El sonido era lo más excitante, marico. Los gemidos de Laura, ya no de sorpresa, sino de un éxtasis forzado y profundo, mezclados con los gruñidos de los tipos, los golpes de sus cuerpos contra el suyo, el chasquido húmedo de sus vergas entrando y saliendo. El olor a sexo y sudor llenaba la habitación. Yo me tocaba a través del pantalón, con la mano temblando, sin poder creer lo que estaba viendo. Después de un rato, empezaron a cambiarse, a rotar. Uno la ponía de perrito y se la metía por detrás, agarrándola del cuello para tenerla quieta, mientras otro se la volvía a meter en la boca. Luego, en un momento de locura total, los cuatro se coordinaron. Dos se tumbaron y ella se sentó sobre la verga de uno, montándolo como si estuviera en trance, mientras el otro se la metía por atrás, follándola en doble penetración. El cuarto se puso de rodillas frente a su cara y ella, sin que se lo pidieran, se inclinó y se la volvió a meter a la boca, chupándola como una profesional, con una energía que no le conocía.

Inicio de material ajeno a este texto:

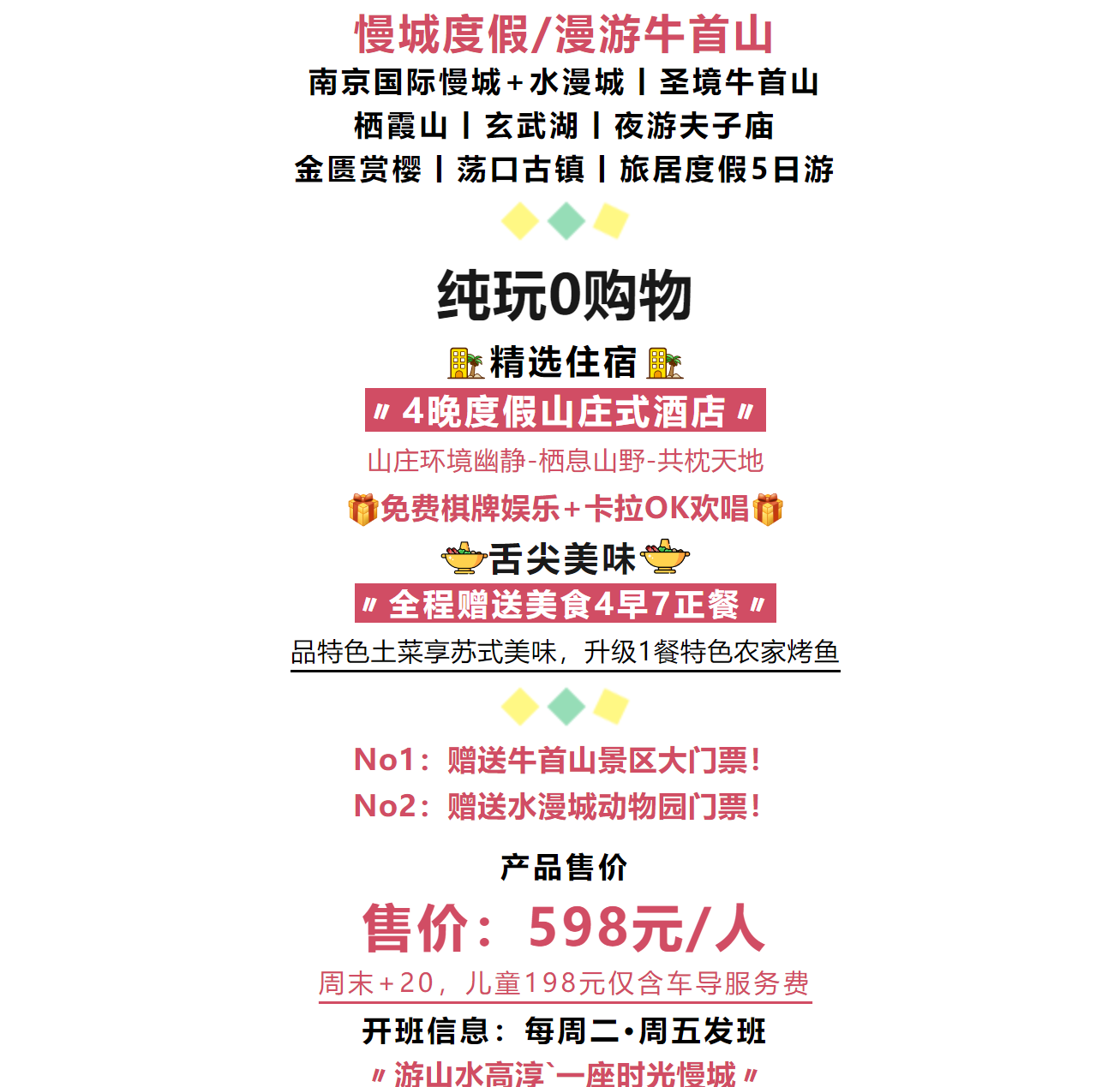 早上6:40人民广场武胜路·或其他指定位置出发前往南京。【牛首山】·50周岁以上送门票;50岁以下补30元;牛首山是金陵四大名胜之一,素有“春牛首”之美誉,金陵四十八景中有三景(牛首烟岚、献花清兴、祖堂振锡)缘聚于此:牛首山还遗存岳飞抗金故垒、摩崖石刻、弘觉寺塔、郑和文化园等历史古迹。牛首山佛缘深厚,法融禅师开创的牛头禅宗发祥于此,2012年,世界佛教界至高圣物——释迦牟尼佛顶骨舍利于南京盛世重光,长期供奉佛顶骨舍利,牛首山景区的主题是“禅”;到达【牛首广场】(进入“富有禅意的门”);沿着含有春、夏、秋、冬主题游览的【天阙路】到达【佛顶寺】(佛顶寺是佛顶宫舍利护持僧团的弘法道场);参观【佛顶塔】;外部观景并进入【佛顶宫】(佛顶宫是佛顶圣境的核心建筑,整个佛顶宫以佛祖顶骨舍利供奉为核心,共分为大、小穹顶两个部分,其寓意为外供养与内供养);适时集合前往山庄,晚餐后自由活动,免费棋牌(满10人赠送1场),免费唱歌轮流预约!
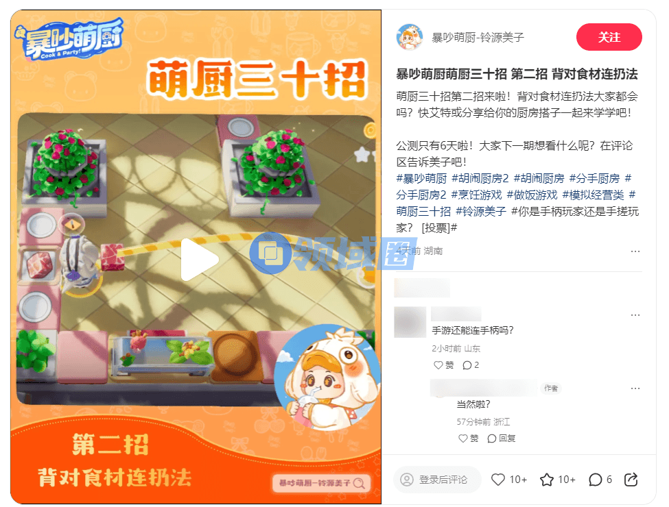 也正因这份“听劝”的端正态度,玩家对官方的最新动态也积极响应,并自发将“厨门”广而告之,以期广纳豪杰。所以公测定档视频一发布,评论区便成为了“厨搭子”们的召唤现场。而当路过的网友好奇:好玩吗?又会被玩家“超好玩”的回答一秒入坑。
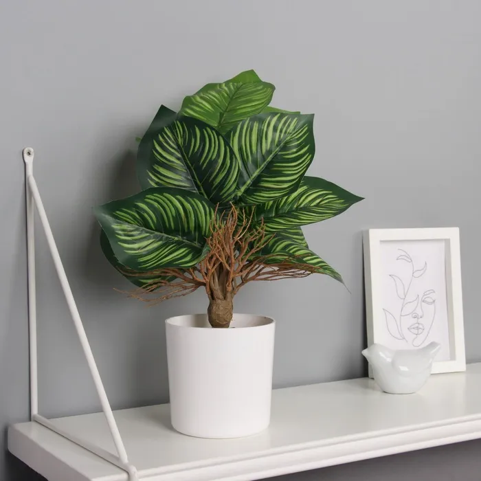 Искусственный цветок в горшке «Калатея комнатная», 31×10 см, зелёный
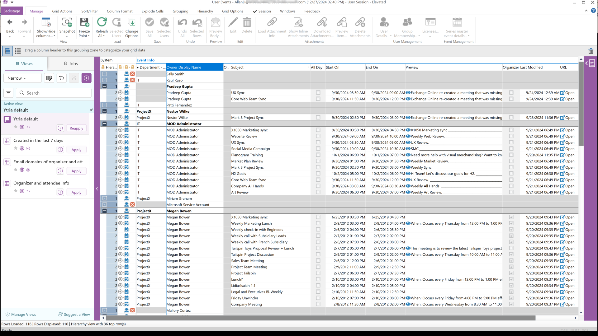 Get a global view of all users' calendar information and dig down into the details to create comprehensive reports.

La habitación era un caos de cuerpos sudados, de jadeos, de órdenes vulgares y de los gritos cada vez más fuertes de Laura, que estaba teniendo un orgasmo tras otro, su cuerpo traicionándola por completo. Finalmente, llegaron los corridas. El primero se vino en su boca, y ella, con los ojos cerrados, tragó todo, con leche escapándole por las comisuras de los labios. El segundo gritó y le llenó el chocho por dentro, y yo vi cómo el semen blanco le goteaba por sus muslos cuando el tipo sacó la verga. El tercero se corrió en sus tetas, pintándolas de blanco, y el cuarto, el último, le acabó en la cara, en el pelo, marcándola como su propiedad.

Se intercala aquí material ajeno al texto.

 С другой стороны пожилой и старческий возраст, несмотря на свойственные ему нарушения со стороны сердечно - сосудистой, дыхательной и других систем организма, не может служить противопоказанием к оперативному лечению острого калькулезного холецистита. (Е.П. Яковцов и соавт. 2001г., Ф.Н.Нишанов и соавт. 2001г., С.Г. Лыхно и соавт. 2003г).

Cuando terminaron, después de lo que pareció una eternidad, ella quedó tirada en la cama, hecha un desastre, cubierta de sudor y de semen, con la mirada perdida en el techo, jadeando. Los tipos se vistieron rápido, me dieron una palmada en el hombro y se fueron sin decir una palabra. Yo me acerqué a la cama. El olor a sexo era abrumador. La miré, completamente vaciada, con mi semen y el de cuatro extraños secándose sobre su piel. Me excitó más de lo que nunca me había excitado nada en mi vida.

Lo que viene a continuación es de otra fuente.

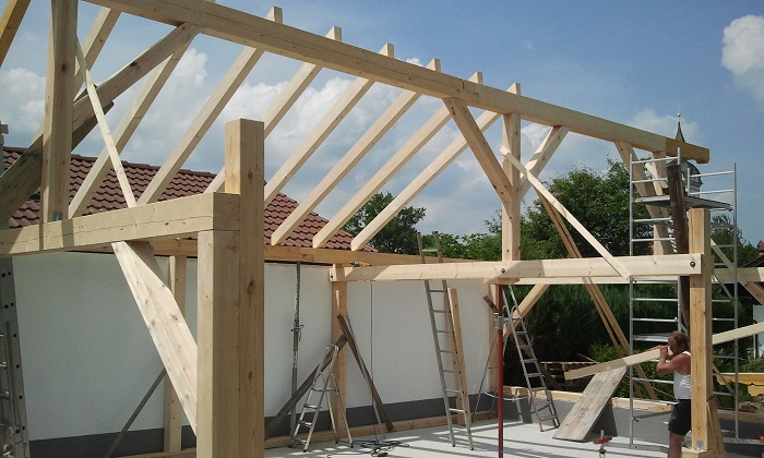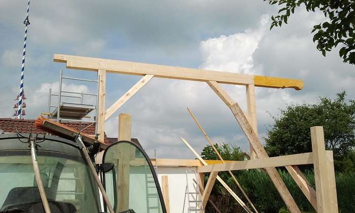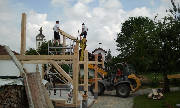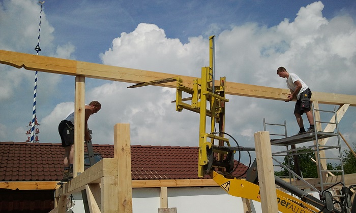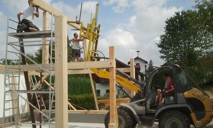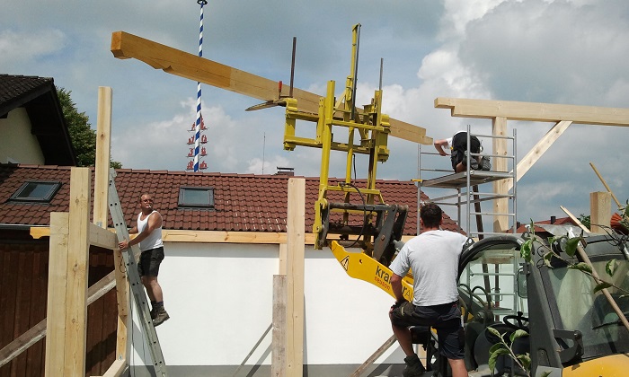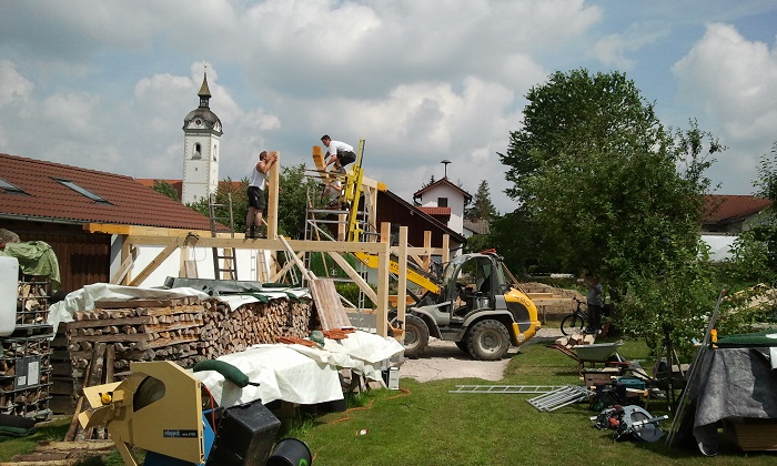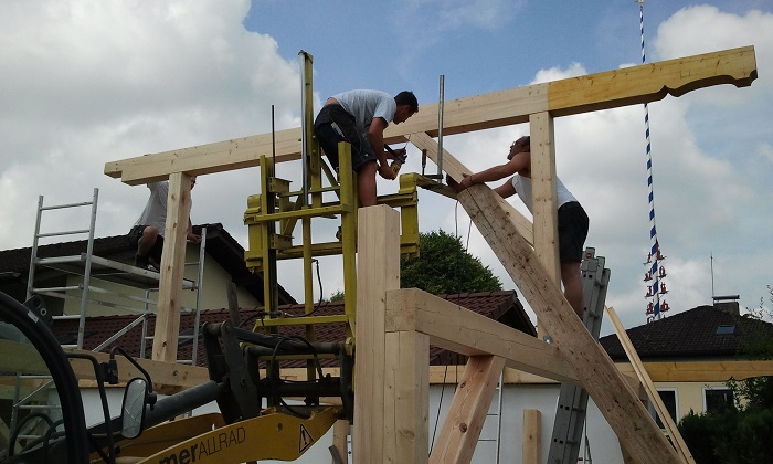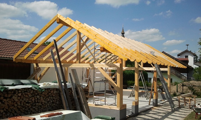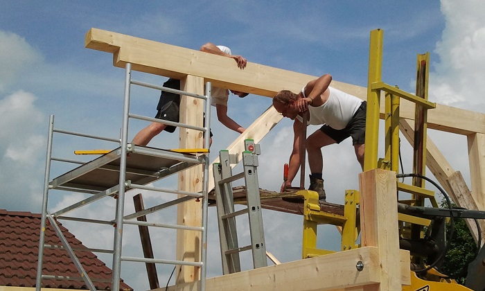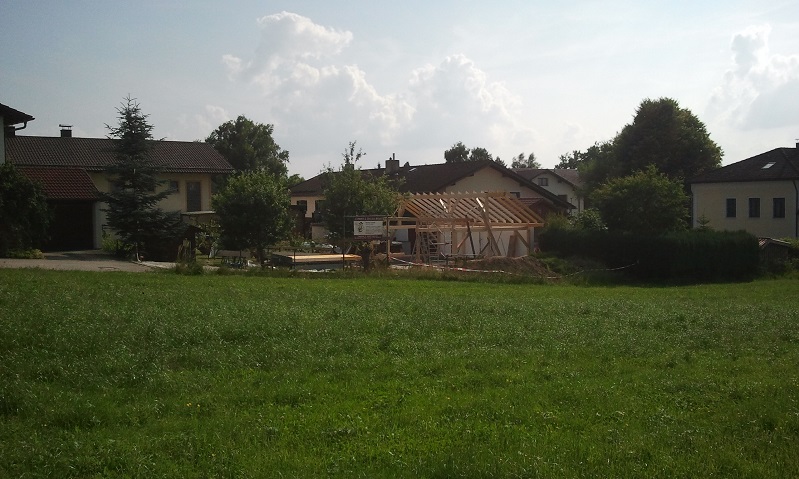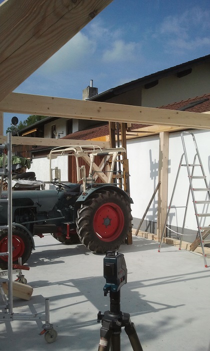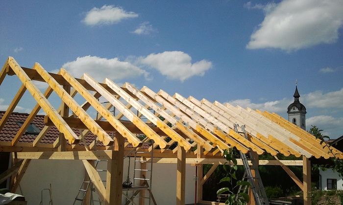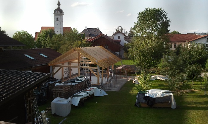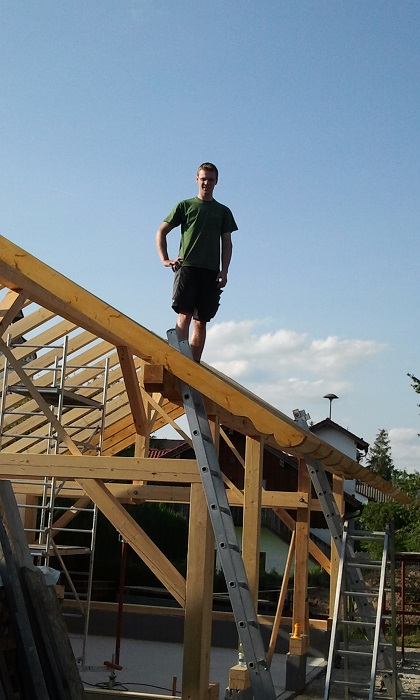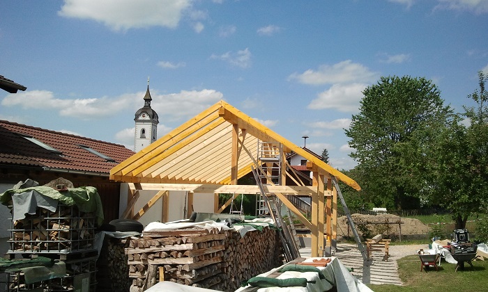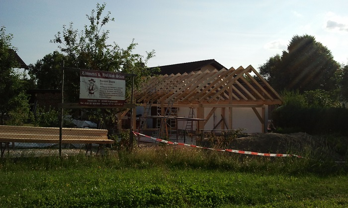 Wenn zumindest die Rückseite des Daches eingeschalt ist, damit der Spengler die Dachrinne und Abdichtbleche einbauen kann.

Al día siguiente, ella se despertó con un dolor de cabeza brutal y recuerdos confusos. «Anoche bebí demasiado», me dijo, con la voz ronca. «Tengo sueños raros, como que… no sé, Franco, fue muy raro». Yo solo sonreí y le dije que sí, que se había puesto muy borracha y que la había llevado a dormir. Hasta el momento, no se acuerda bien de lo que pasó. Y yo, marico, cada vez que lo recuerdo, me pongo más duro que el concreto. Fue la mejor plata que he gastado en mi vida.